Paolo Isotta,  uno tra i più grandi ed amabili uomini di cultura del nostro tempo è il primo studioso ad occuparsi nella sua ricerca del rapporto fra il Poeta di Sulmona e la musica. Nel suo libro, 
La dotta lira. Ovidio e la musica, Isotta spiega che sia Le metamorfosi che I Fasti sono il più esteso catalogo mitologico della poesia occidentale, tanto che si può correttamente affermare che neanche Omero e Virgilio hanno influenzato le arti della figura quanto il Poeta di Sulmona.
Dall’Orfeo di Poliziano (Mantova, 1480) alla Dafne di Strauss, 1938 (la ninfa che, ghermita da Febo, si trasforma in alloro), un filo ininterrotto lega Ovidio all’opera lirica sinfonica, al “melologo”, alla cantata, al concerto, alla sonata.
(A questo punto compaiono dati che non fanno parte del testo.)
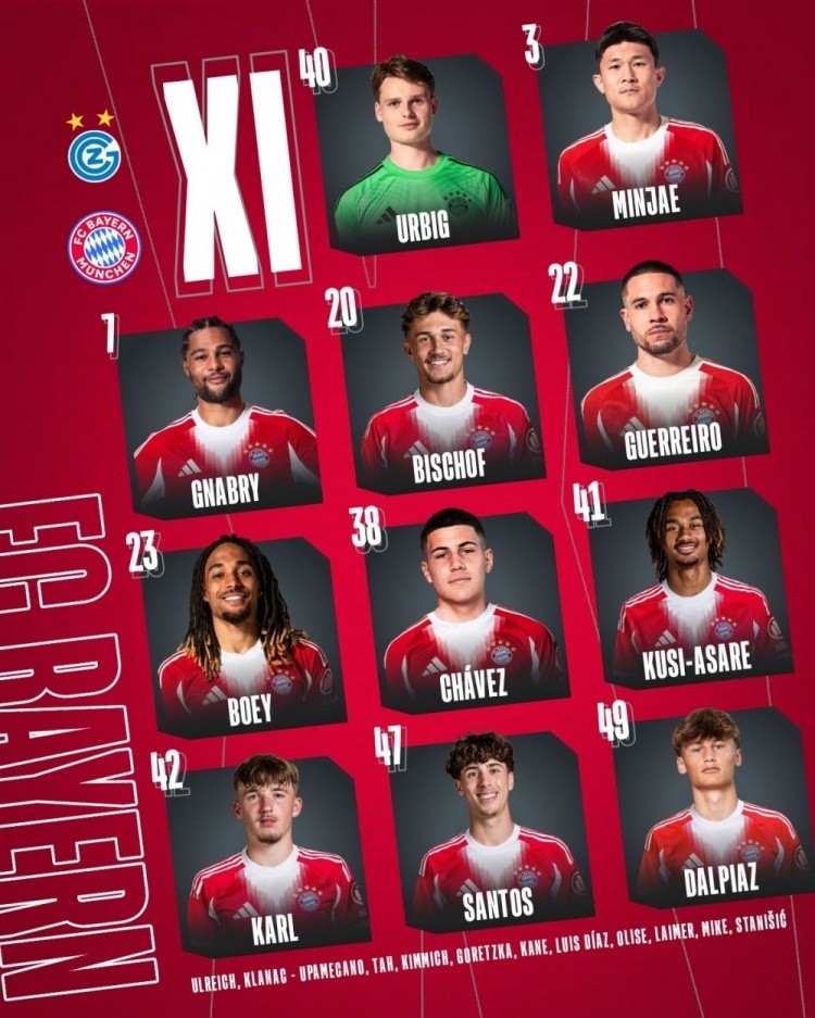 拜仁vs草蜢友谊赛首发:多名小将出战,凯恩、迪亚斯等人替补
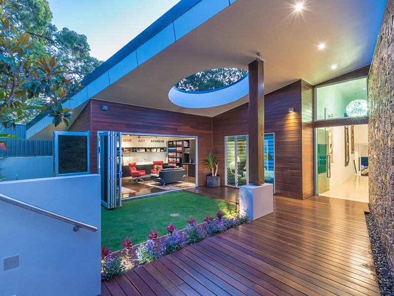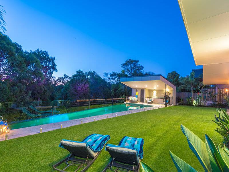 Close to a third of an acre provides the perfect template for expansive living and entertaining domains, wonderfully private bedroom suites and the futuristic flair of a home engineered to suit every single member of the family. The deep patina of an automatic timber gate slides away and you are drawn into a wonderfully large tropical courtyard where crab claw heliconia flourish above an under storey of lush lily.
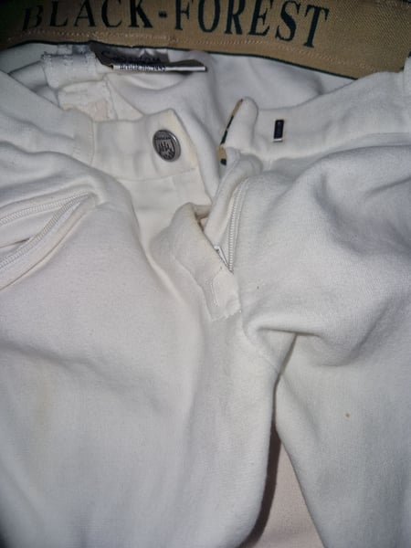 Größe 36/38. Loesdau Reihose ohne gummierten Vollbesatz oder gummierten Kniebesatz. Der Besatz geht vom Hosenbund bis über die Knie. Es gibt eine kleine Tasche auf der rechten Vorderseite mit silberfarbenen Reißverschluss. Klettverschluss an beiden Hosenenden zum verengern des Beinabschlusses. Stretchhose. Diese Hose wurde noch nie beim Reiten getragen. Der Zustand ist ungebraucht und daher neu.
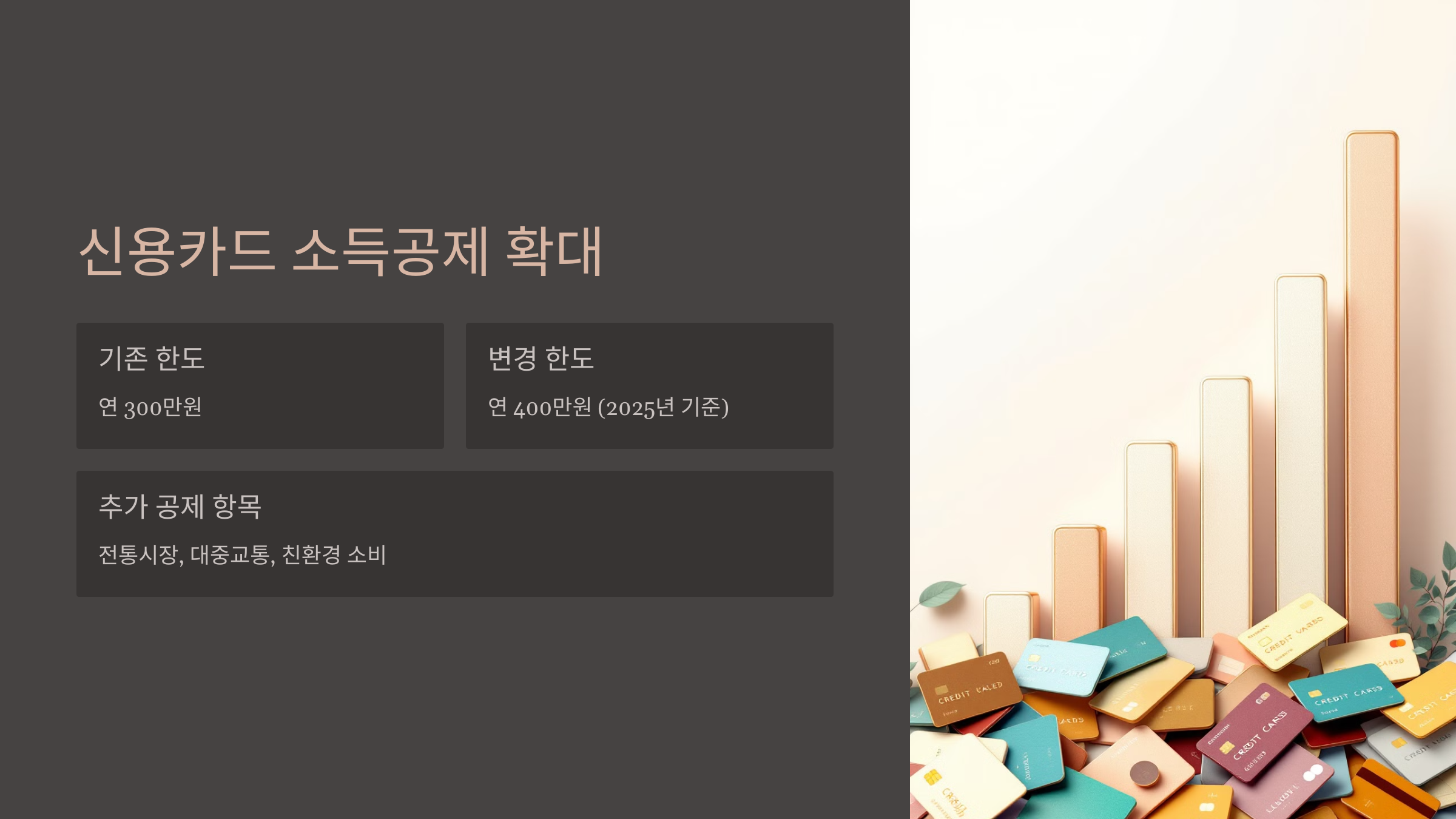 1️⃣ 신용카드 소득공제 한도 확대 📈
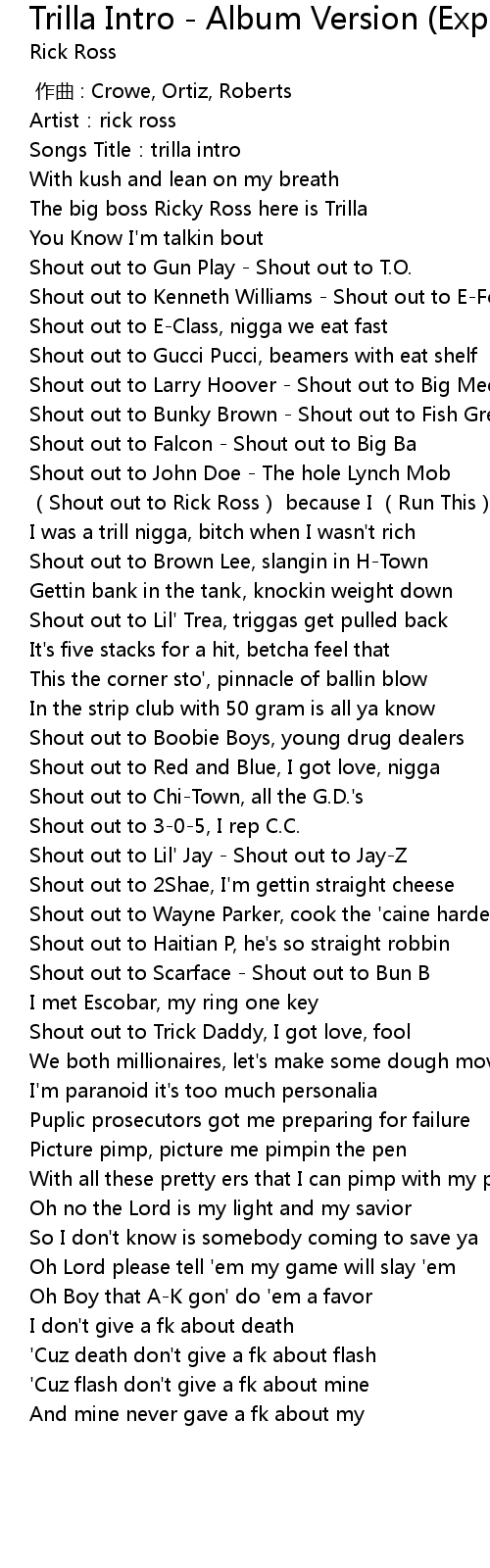 | [00:06.79] | The big boss Ricky Ross here is Trilla |
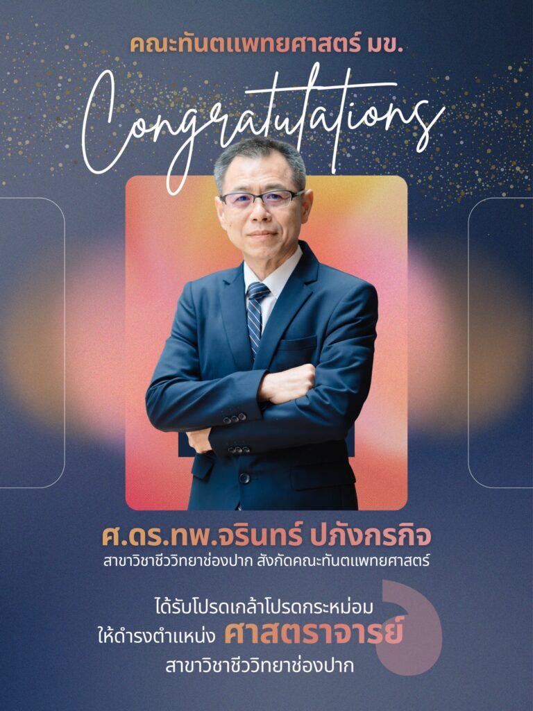พ.ย. 14 2025 ขอแสดงความยินดีกับ รศ.ดร.ทพ.จรินทร์ ปภังกรกิจ ได้รับโปรดเกล้าโปรดกระหม่อม แต่งตั้งให้ดำรงตำแหน่งเป็น “ศาสตราจารย์” ข่าวประชาสัมพันธ์และบริการ / By หญิง โพธิสุวรรณ คณะทันตแพทยศาสตร์ มหาวิทยาลัยขอนแก่น ขอแสดงความยินดีกับ รศ.ดร ขอแสดงความยินดีกับ รศ.ดร.ทพ.จรินทร์ ปภังกรกิจ ได้รับโปรดเกล้าโปรดกระหม่อม แต่งตั้งให้ดำรงตำแหน่งเป็น “ศาสตราจารย์” Read More »
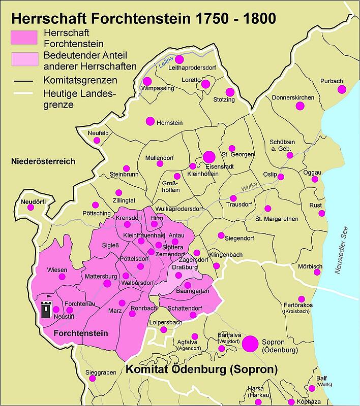 1738 wurden die Herrschaften Forchtenstein und Eisenstadt neu organisiert. Breitenbrunn, Großhöflein, der Anteil in Trausdorf und Wulkaprodersdorf kamen an Eisenstadt, Rohrbach und die Besitzanteile in Antau, Zemendorf und Marz an Forchtenstein, Müllendorf von der Herrschaft Forchtenstein an Hornstein, Pöttelsdorf von Hornstein an Forchtenstein. Baumgarten kam von der Herrschaft Lackenbach an Forchtenstein. 1740 dürfte Sieggraben an Kobersdorf gekommen sein.
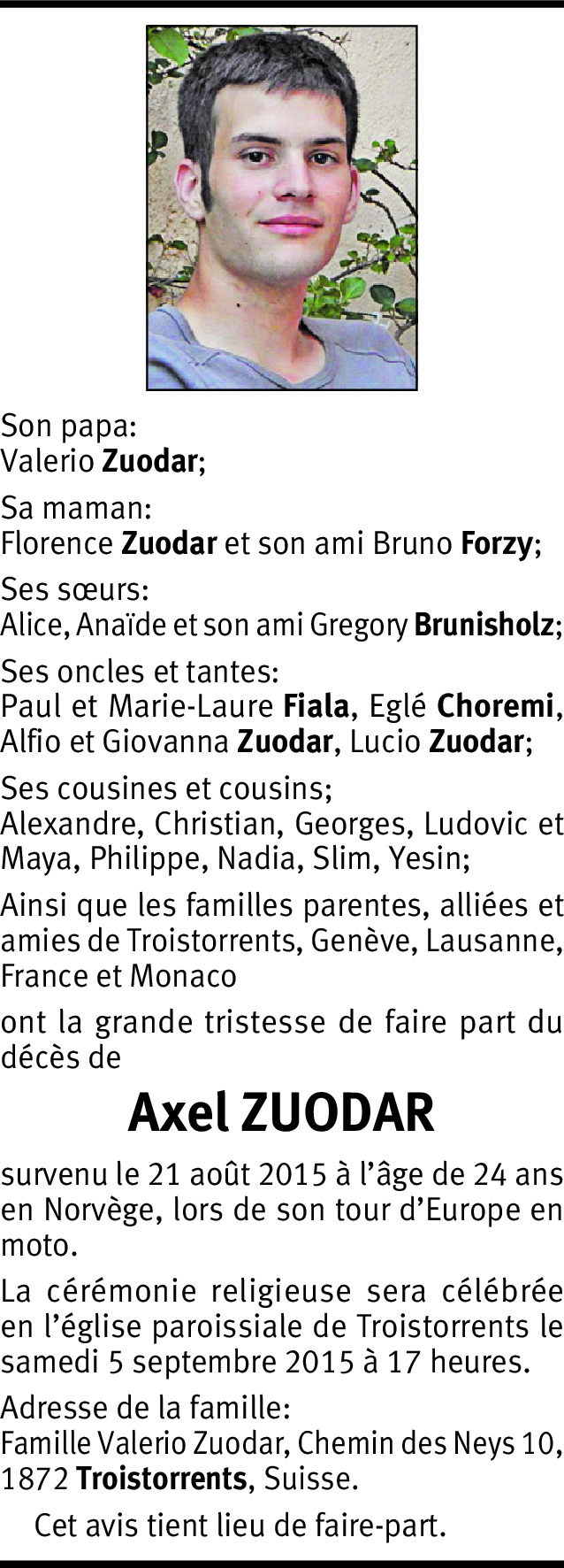 Il y a plus de 4 ans Signaler Dans ces moments de grande souffrance pour votre famille, je pense à vous et vous présente mes plus sincères condoléances. Léo De la part de Leo Laville
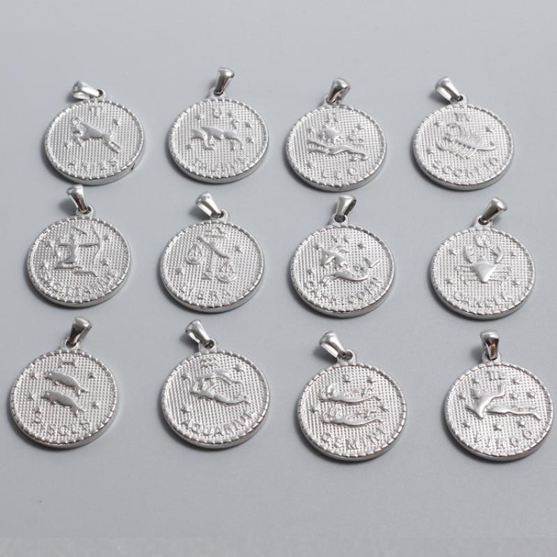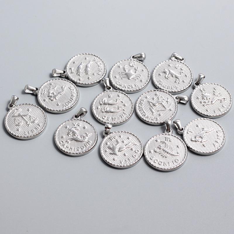 Acier inoxydable Constellation pendentif, Acier inoxydable 304, 12 Signes du Zodiaque, DIY & modèles différents pour le choix, couleur originale, 25x25x3mm, Vendu par PC

Monteverdi, Cavalli, Scarlatti, Pergolesi, Porpora, Händel, Gluck, Dittersdorf, Haydn, Berlioz, Liszt, Offenbach, Suppè, fino a Strauss, sono i principali nomi toccati.

L’ultimo capitolo del libro è dedicato a Dafne. Isotta ci mostra che più di trent’anni prima, in Alcyone, Gabriele d’Annunzio ha rievocato in versi lo stesso mito, e con un virtuosismo e una profondità nella riflessione e rimeditazione sul mito che lo rendono pari allo stesso compositore. Strauss e D’Annunzio, divisi da un odio reciproco, diventano fratelli nell’arte, grazie ad Ovidio?

In conclusione possiamo senza dubbio affermare che Paolo Isotta, con un poderoso apporto di conoscenze e riflessioni, definisca Ovidio, con le sue Metamorfosi e i suoi Fasti, uno dei più grandi suscitatori di altre arti che la storia delle idee ricordi.

Orfeo, per esemplificare, viene rievocato nei suoi vertiginosi trapassi da Monteverdi, nel magnifico secondo capitolo, al barocco francese di Charpentier, a Gluck fino alla stravolgente rielaborazione satirica dell’Orphée aux Enfers di Offenbach e, più avanti ancora, al Novecento ultimo . Per giungere a quel Maestro del ricapitolare l’Occidente fino alle sue fonti che fu Richard Strauss. Strauss il quale sempre agisce, su Isotta,come una corrente ascensionale che porti un aliante a veleggiare nella sua quota di elezione. Dafne con cui l’excursus storico di Isotta ha avuto inizio . 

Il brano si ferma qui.